◆ Task to complete ◆
Without pictures, output exactly the lines running from the line containing "Description: Immaculate Pre" to the end of the listing below.

◆ Exercise input ◆
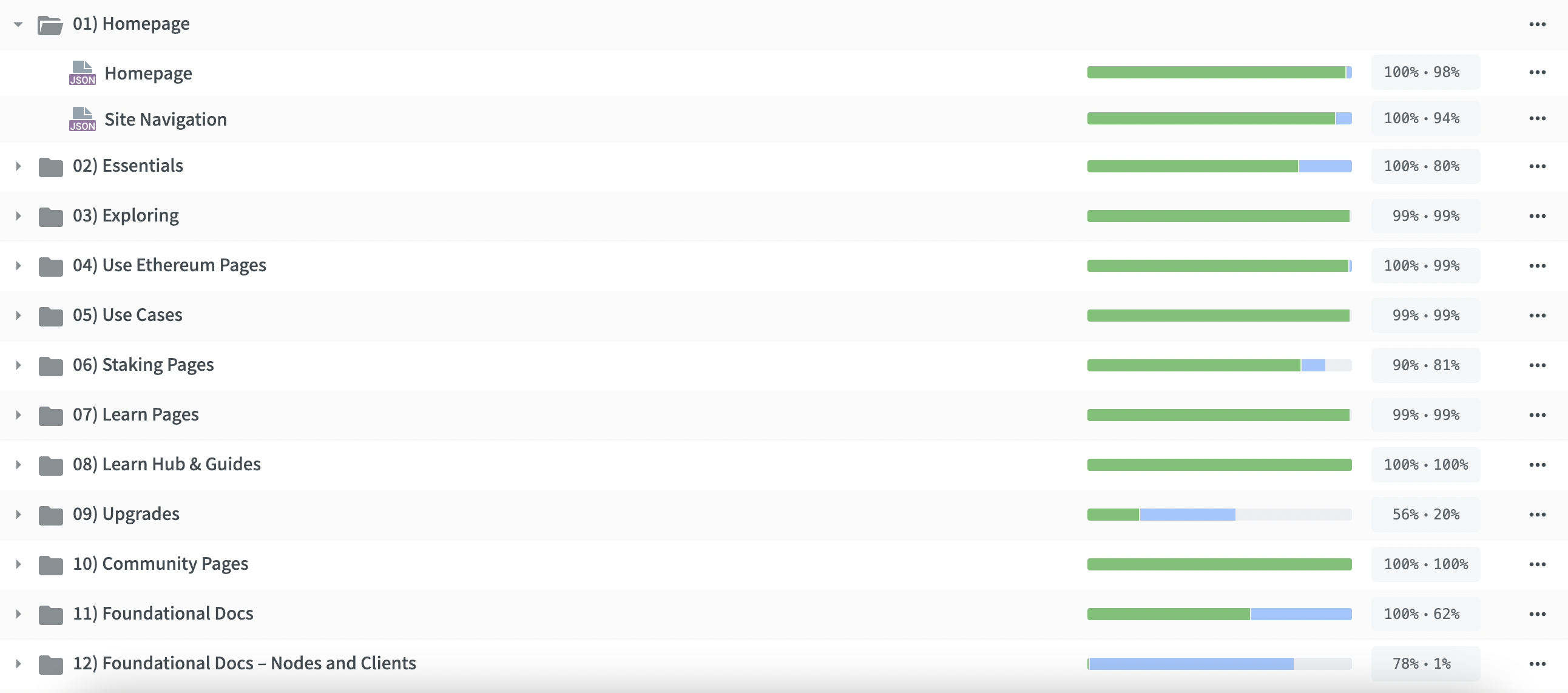 Once you've completed the translation (i.e. all files for a content bucket display 100%), our professional translation service will review (and potentially edit) the content. Once the review is complete (i.e. review progress is 100%), we will add it to the website.
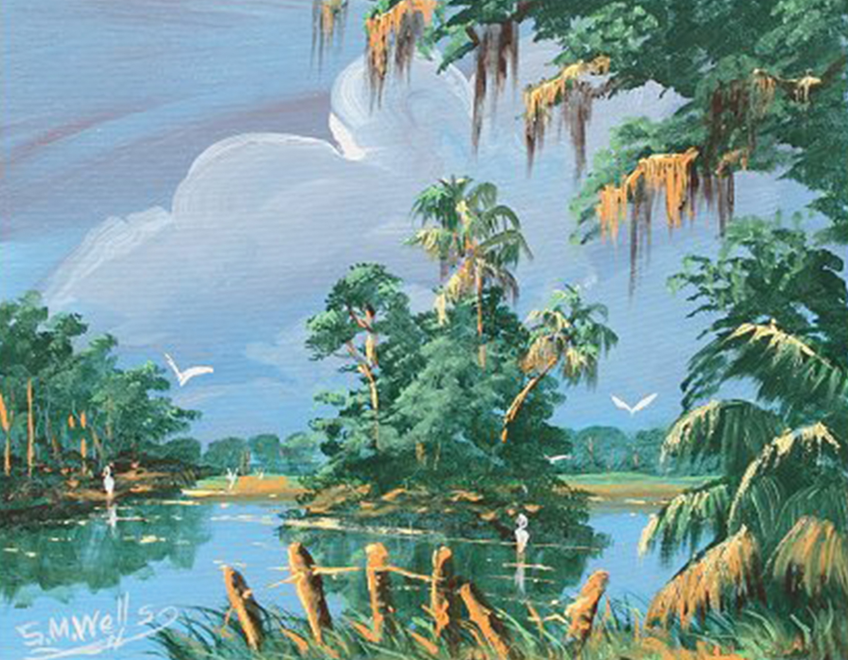 It was an era when most African Americans in Fort Pierce were relegated to working in kitchens or fields, when Jim Crow prevented them from using the same water fountains as whites, and few, if any, black artists could be found in history books. Despite the obstacles, a loose group of creative and entrepreneurial African Americans dared to break the bounds of poverty and segregation by capturing the rugged natural beauty that they saw around them. With quick strokes of their brushes and swift sweeps of bold colors with palette knives, they captured vibrant coastal sunsets framed by palms, royal Poinciana trees in flaming red bloom, and interior wetlands touched by egrets, ibis, and roseate spoonbills.
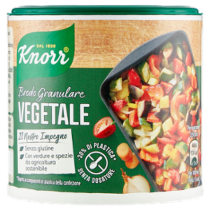Senza lattosio Con pochi grassi Abbiamo rimosso il dosatore usa e getta per ridurre del 30 % le componenti in plastica di questa confezione. Puoi usare un cucchiaino per dosare Brodo Granulare Knorr! Un cucchiaino colmo di Granulare Knorr = 1 Dado
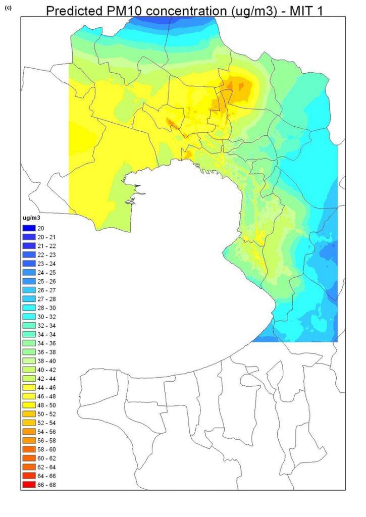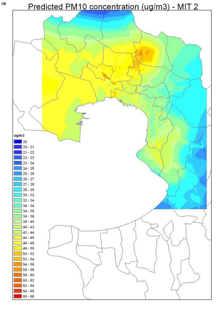 Στα ανωτέρω σχήματα αποτυπώνονται τα Επίπεδα PM10στον αέρα της Θεσσαλονίκης με τη σημερινή κατάσταση (businessasusual – BAU), με την εισαγωγή του μετρό και μόνο 2% διείσδυση ηλεκτροκίνητων ΙΧ στην αγορά (ΜΙΤ1), και τέλος με 50% διείσδυση ηλεκτροκίνητων ΙΧ στην αγορά (ΜΙΤ2) σε διάστημα 10 χρόνων.
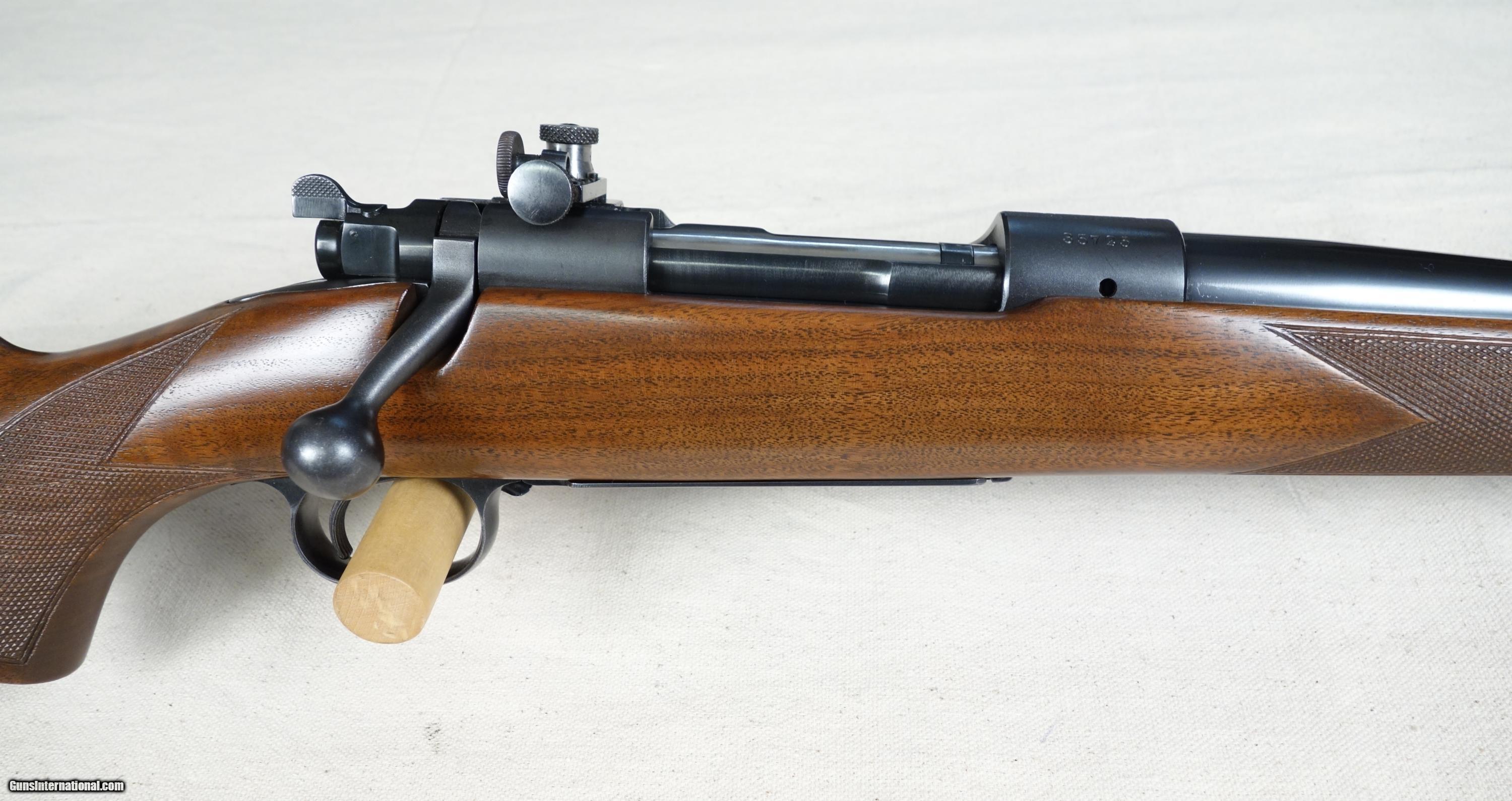 Description: Immaculate Pre War Winchester 70 standard rifle in 30-06. 24" Barrel. S/N 35xxx w/ matching bolt Mfg. 1941. Mechanics are flawless with mirror bore. 98% Blue slightly thinner on floor plate. 99%+ Varnish which has likely been top coated or refinished. There are 2 non factory drill holes in rear receiver bridge. Has the correct full base (non scalloped) Lyman 48 WJS peep sight which were often factory issued with these early rifles, but the cut out in stock is somewhat oversized from that of factory work. A beautiful rifle with a few collector discrepancies offered at a considerably discounted price from all original. SOLD Curio/Relic: Yes |
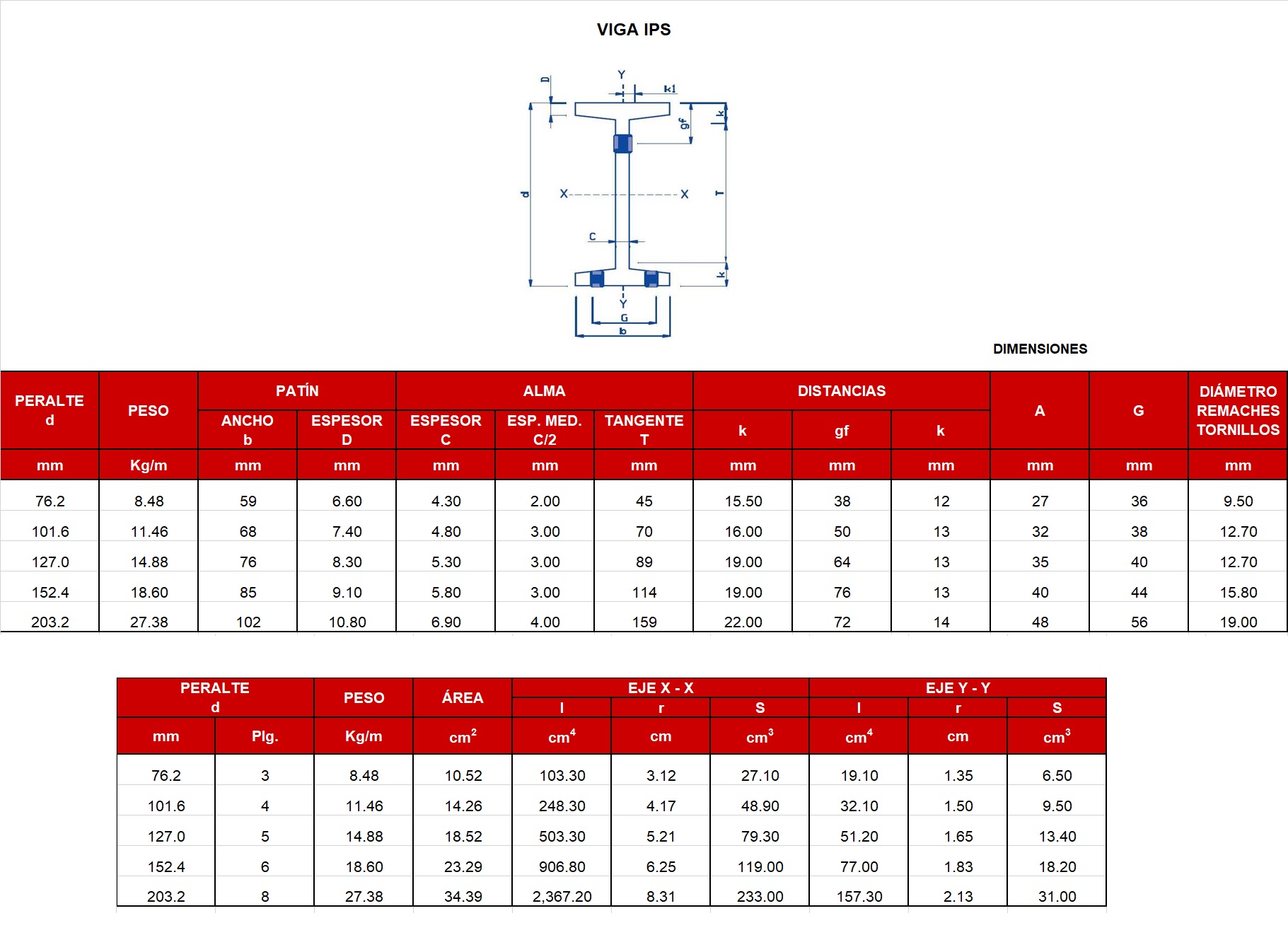 La viga ips (perfil “i” estándar) conocida por todos ya que se utiliza principalmente para la construcción de bóvedas caseras, la medida más usual es la de 5” y en esta viga la única variable es el peralte. Este perfil se maneja en largos de 12 o de 15 metros de largo según su procedencia.

◆ Exercise result ◆
 Description: Immaculate Pre War Winchester 70 standard rifle in 30-06. 24" Barrel. S/N 35xxx w/ matching bolt Mfg. 1941. Mechanics are flawless with mirror bore. 98% Blue slightly thinner on floor plate. 99%+ Varnish which has likely been top coated or refinished. There are 2 non factory drill holes in rear receiver bridge. Has the correct full base (non scalloped) Lyman 48 WJS peep sight which were often factory issued with these early rifles, but the cut out in stock is somewhat oversized from that of factory work. A beautiful rifle with a few collector discrepancies offered at a considerably discounted price from all original. SOLD Curio/Relic: Yes |
 La viga ips (perfil “i” estándar) conocida por todos ya que se utiliza principalmente para la construcción de bóvedas caseras, la medida más usual es la de 5” y en esta viga la única variable es el peralte. Este perfil se maneja en largos de 12 o de 15 metros de largo según su procedencia.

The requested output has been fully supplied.